关 键 词:Ikaros亚型  卵巢癌  细胞增殖  细胞周期  
收稿时间:2015-02-27

Effect of 3 isoforms of Ikaros on proliferation of human ovarian cancer SKOV3 cells
HE Li-cai,CHEN Shang,ZHU Zhen-feng,GAN Jun,YU Hui-min. Effect of 3 isoforms of Ikaros on proliferation of human ovarian cancer SKOV3 cells[J]. Chinese Journal of Pathophysiology, 2015, 31(8): 1407-1411. DOI: 10.3969/j.issn.1000-4718.2015.08.010
Authors:HE Li-cai  CHEN Shang  ZHU Zhen-feng  GAN Jun  YU Hui-min
Affiliation:School of Laboratory Medicine and Life Science, Wenzhou Medical University, Wenzhou 325035, China
Abstract:AIM: To investigate the effect of Ikaros isoforms on the proliferation of human ovarian cancer SKOV3 cells. METHODS: Three isoforms of Ikaros, IK1, IK2 and IK6, were transfected into ovarian cancer SKOV3 cells. CCK-8 assay and cell counting were used to detect the effects of Ikaros isoforms on the proliferation of SKOV3 cells.

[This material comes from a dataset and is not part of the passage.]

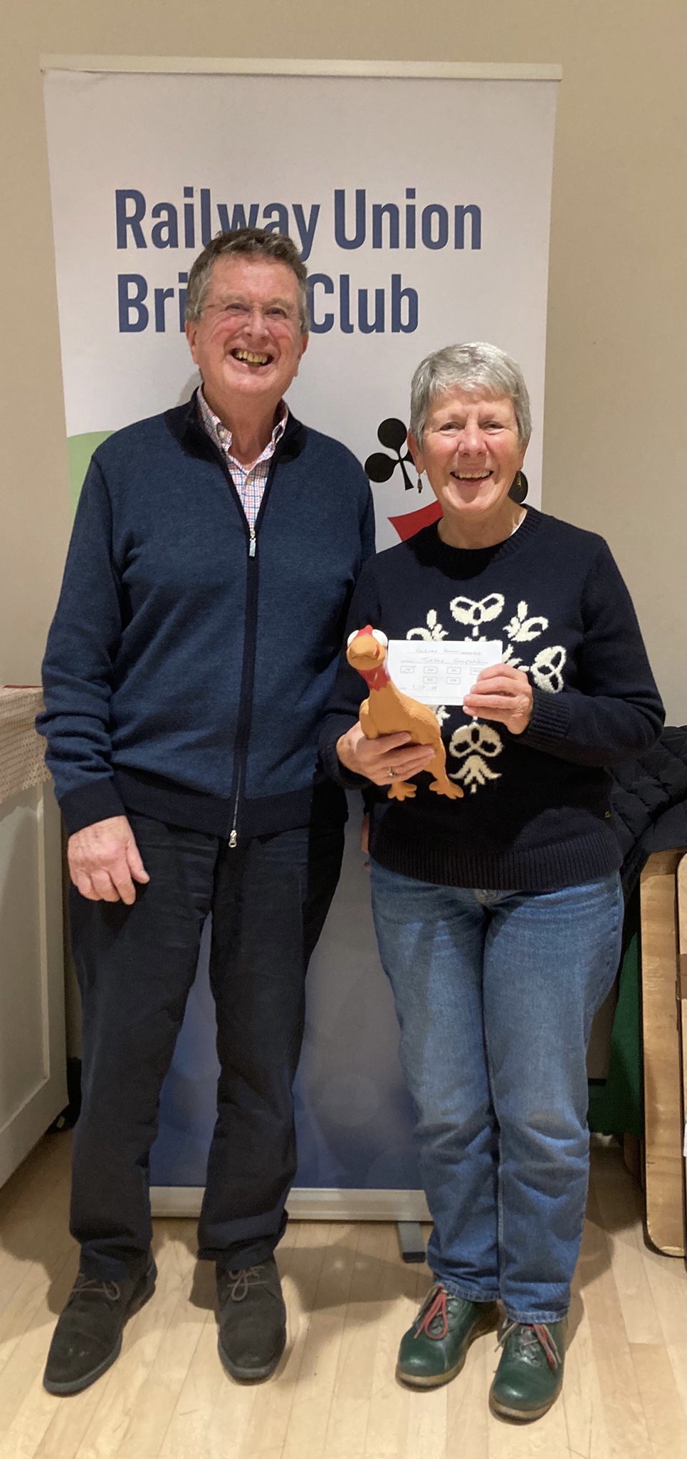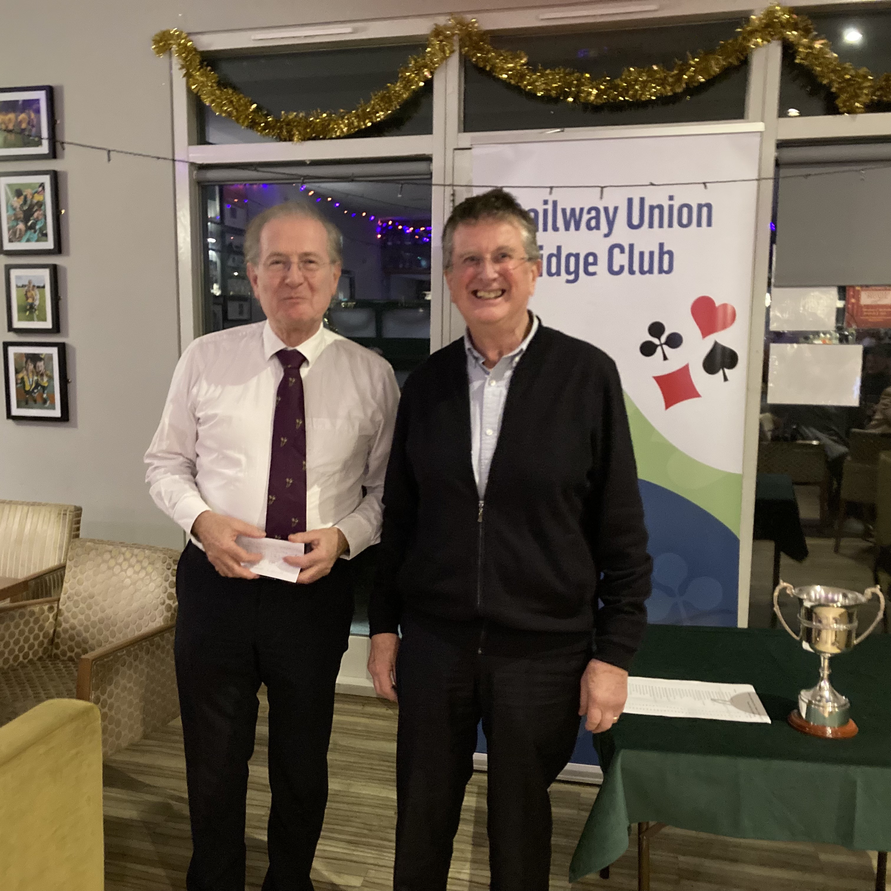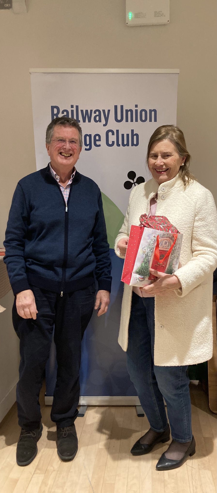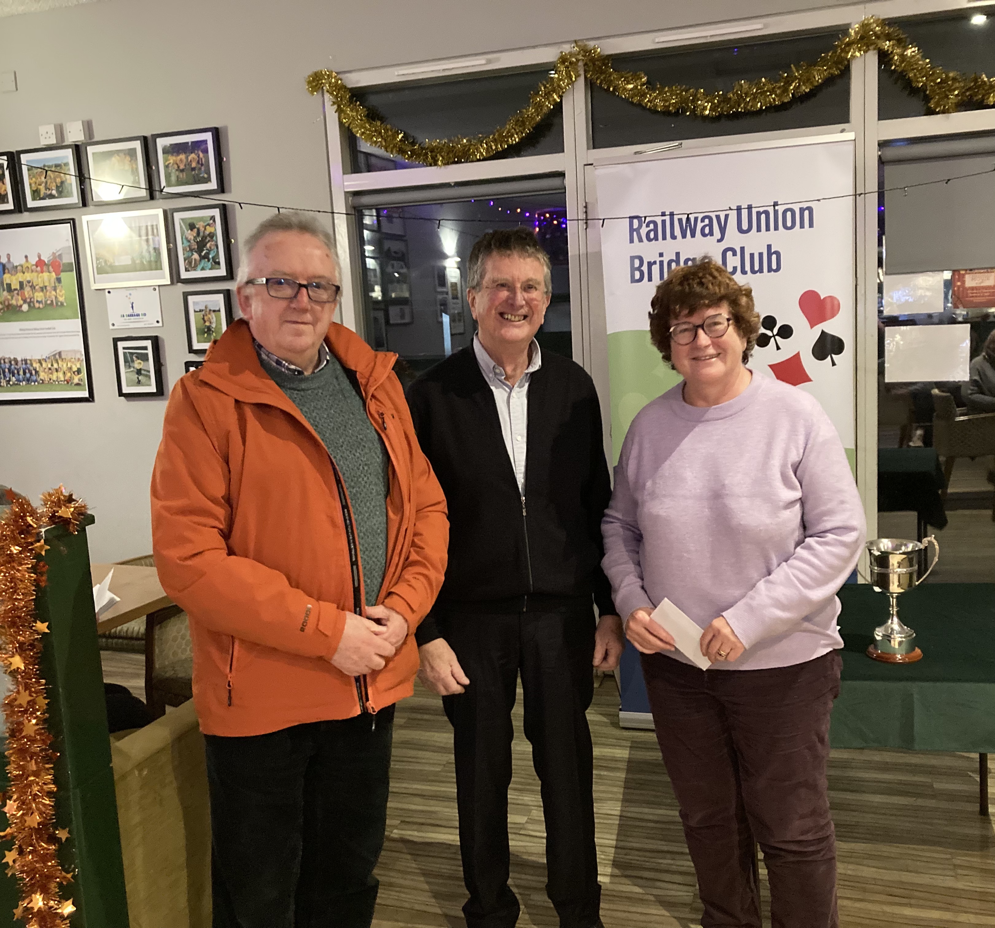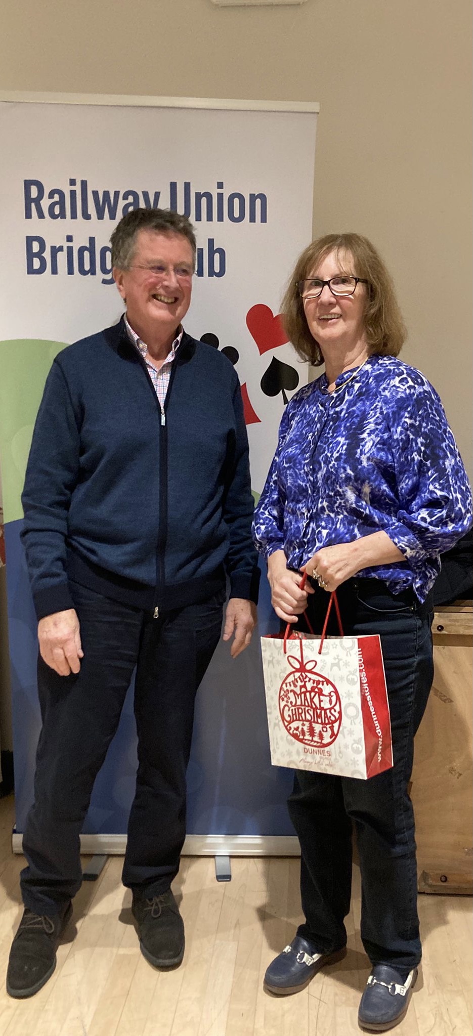 The Martin Cowley Cup Competition took place over two weeks, culminating in prizegiving in the bar on Monday 24th November. Some 34 pairs competed for the Cup, with Jennifer Nolan and Graeme Williams ultimately emerging victorious.

The cell cycle was analyzed by flow cytometry. The cell cycle-related proteins were detected by Western blot. RESULTS: IK1 and IK2 expression inhibited SKOV3 cells proliferation. Flow cytometry analysis indicated that IK1 and IK2 induced SKOV3 cell cycle arrest at the G1 phase. IK6 isoform exerted no obvious effect on the proliferation or cell cycle of SKOV3 cells. Compared with control EV group, IK1 group and IK2 group showed a dramatic elevation in the expression of the cell cycle inhibitor p21, along with a substantial decrease in the expression of the cell cycle inducers cyclin D1 and cyclin D2, which did not change in IK6 group. CONCLUSION: IK1 and IK2 significantly inhibit the proliferation of ovarian cancer SKOV3 cells and induce cell cycle arrest at G1 phase by regulation of cell cycle-related proteins cyclin D1, cyclin D2 and p21, while IK6 isoform exerts no obvious effect on the proliferation and cell cycle of SKOV3 cells.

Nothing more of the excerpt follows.